For me, I've never owned a brand new pre-fab, and never could, my tastes are too specialized. I hate towers because I'm a clumsy guy and knock them over easily, plus I hate reaching down to the floor or off to the side to put in a CD/DVD or a floppy diskette. I just use the pencil ridge on top of the keyboard on my GEM during installation of software, and swap disk/disc on the fly without having my hands get farther than an inch from the keyboard. I hate small form factors because they are hard to work with (especially with my huge hands), and you can't fit extra drives in there easily, especially my standard XXX-ROM X2/5.25"/3.5"/ATA HDD setup that I prefer. I don't like PS/2 keyboards because of the jacks, and they don't have Alps keyswitches, and the connector is weaker than that of a 5-pin DIN like on an XT. Mice are nice for graphics, but I prefer a trackball for everything else, and if I get anything cordless, my mouse will probably end up in Safeway somewhere in a brush of absent mindedness. Basically, my kind of computer can only now be made with power tools, lots of paitence, and a can or two of Krylon to neaten it up......an AT Clone with a modern CPU, dual floppies, full size NON-Windoze 98-XP keyboard (those Windoze keys bug the snot out of me as I always hit them when typing, and I prefer CTRL where caps lock is anyway since I never USE CAPS lock), Microspeed Tracball, an LCD 17-19" monitor with every kind of graphical input availible from old RCA composite to DVI, and a V-Amp Pro guitar amp modeler for my recording usage, and TWO printers, an old Dot Matrix for like my work orders and such, and a newer ink jet for work documents. I hate lots of plastic, and prefer my cases steel, and able to be thrown down a stair well and hold shape. I also think beige is a very rockin' color.

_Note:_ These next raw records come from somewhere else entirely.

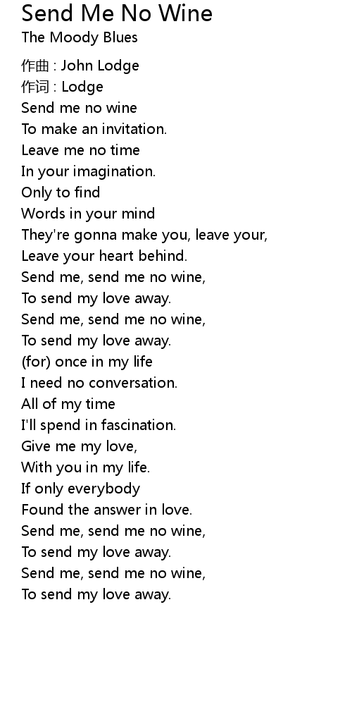 | 歌曲 | Send Me No Wine |
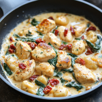 This dish is a one-pan hug—creamy, savory, and rich with textures and flavors. I first made this on a chilly evening when I wanted something fast but soul-satisfying, and it instantly became a favorite. Tender chicken, pillowy gnocchi, and a velvety sauce with sun-dried tomatoes and spinach—it’s weeknight magic in under 30 minutes.
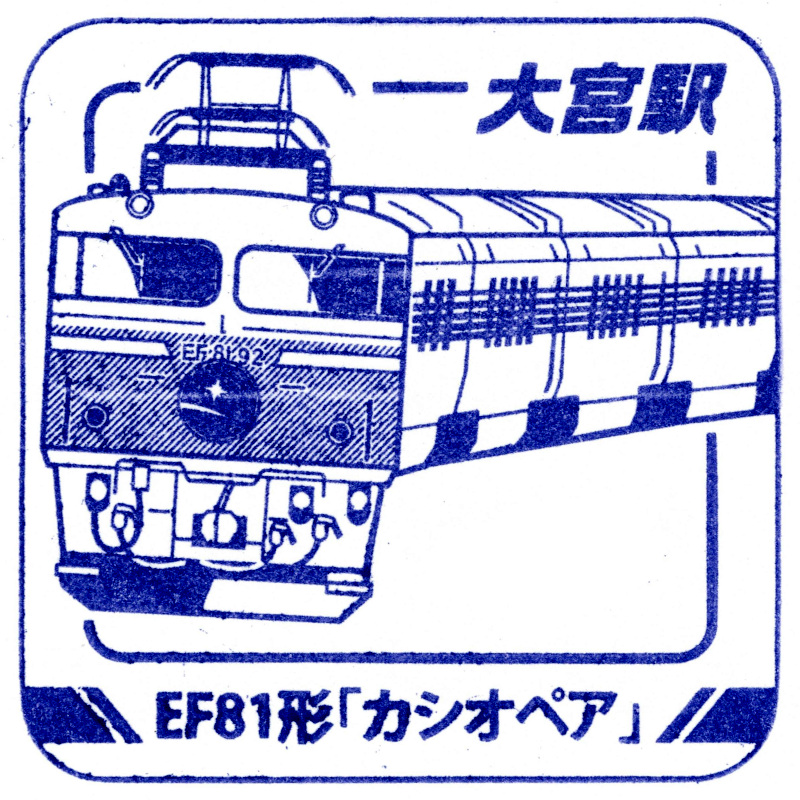 左:大宮駅のスタンプはEF81形カシオペア塗装でした。国鉄型電機に似つかわしくない塗装だと感じましたが、撮り鉄的には人気があったようです。
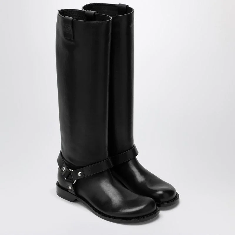 Loewe Campo Biker High Boot In Black Calfskin Leather Women
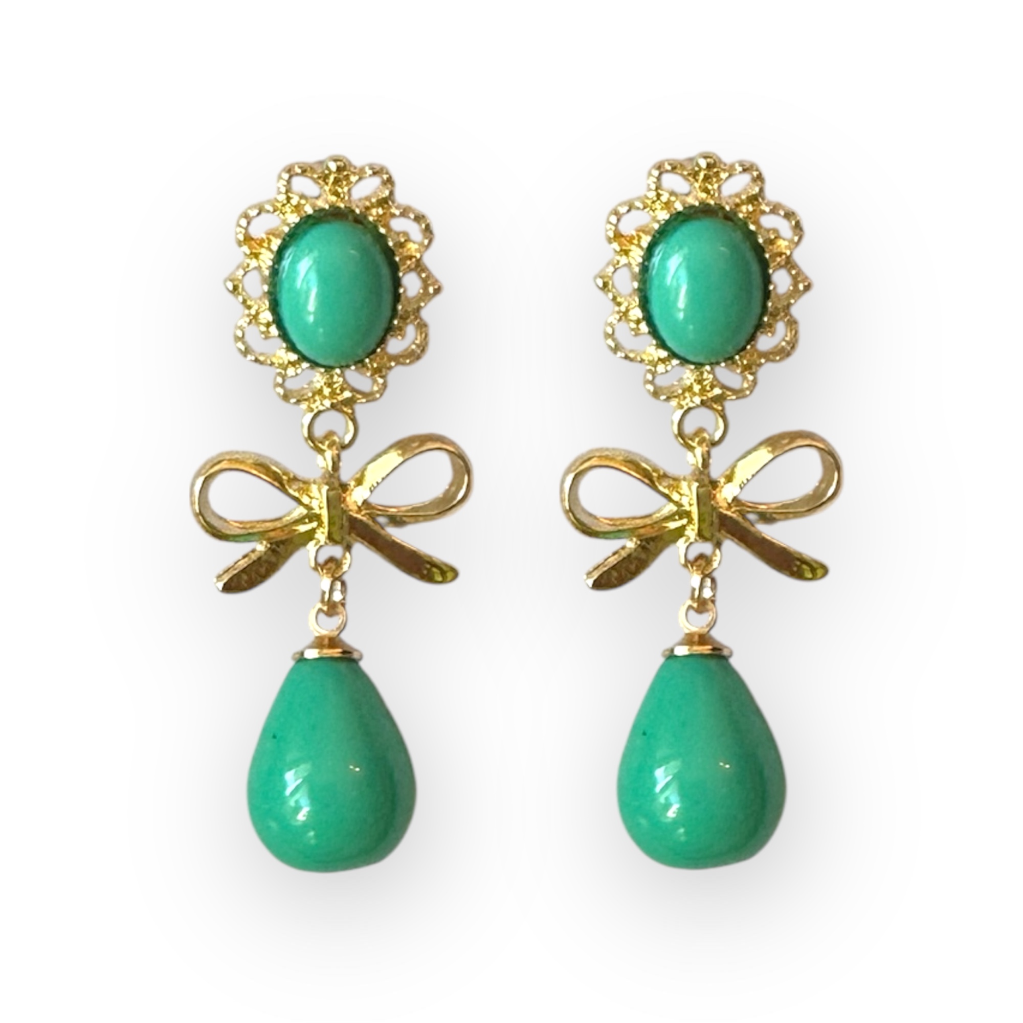 Pendientes de latón chapados en oro brillo y resina. Hipoalergénicos. Tipo de cierre: tornillo.
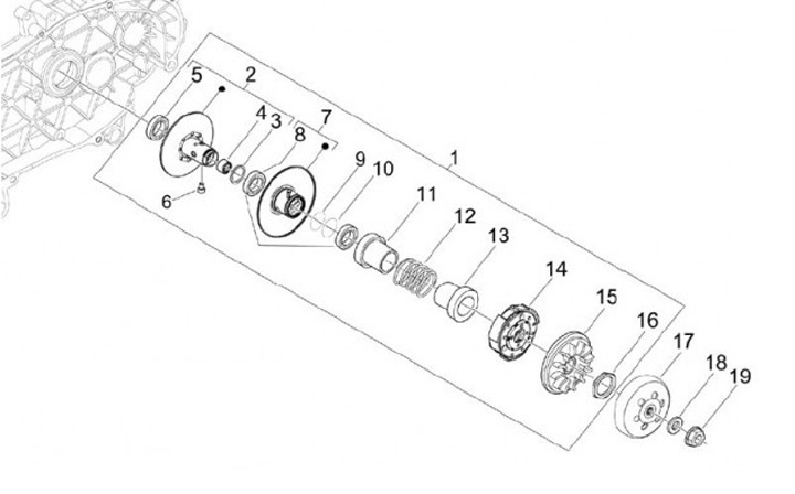 Omvandlarenhet med koppling -PIAGGIO- Vespa GTS 125, Piaggio Beverly 125, MP3 125, X10 125, XEvo 125, Gilera VX 125, Aprilia Sport City Street 125
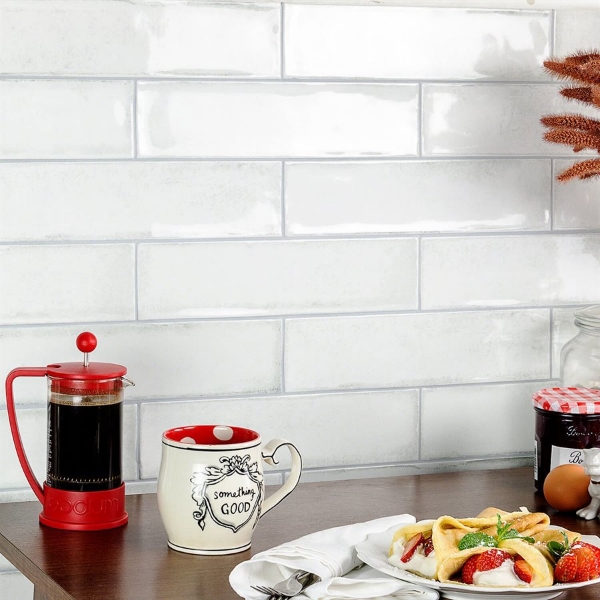 SOHO Studio Corp - Alchimia White 12 in. L x 3 in. W Tile & Stone Flooring (5.38 sq. ft./box)

Am I stuck in the 80's?......well, I am listening to KEnny Loggins and the Romantics right now....you be the judge

Terry Yager
December 6th, 2005, 08:59 PM
Me Too!!!


December 7th, 2005, 05:15 AM
I too prefer Steel cases over plastic ones. They just break too easy. And the old steel cases of the XT's were next to indestructable. You lean on a plastic case just a little to see something closer, then SNAP, its all over. My tower and the server have Steel cases even though UPS managed to bend the server's case and tear the corner (!) off the box of the server's case came in while shipping.

When I typed this, I was listening to The Who......


December 7th, 2005, 09:35 AM
That steel > plastic does not only apply to cases, also to interior details as memory sockets and alike (as I've posted before, but this is Rants).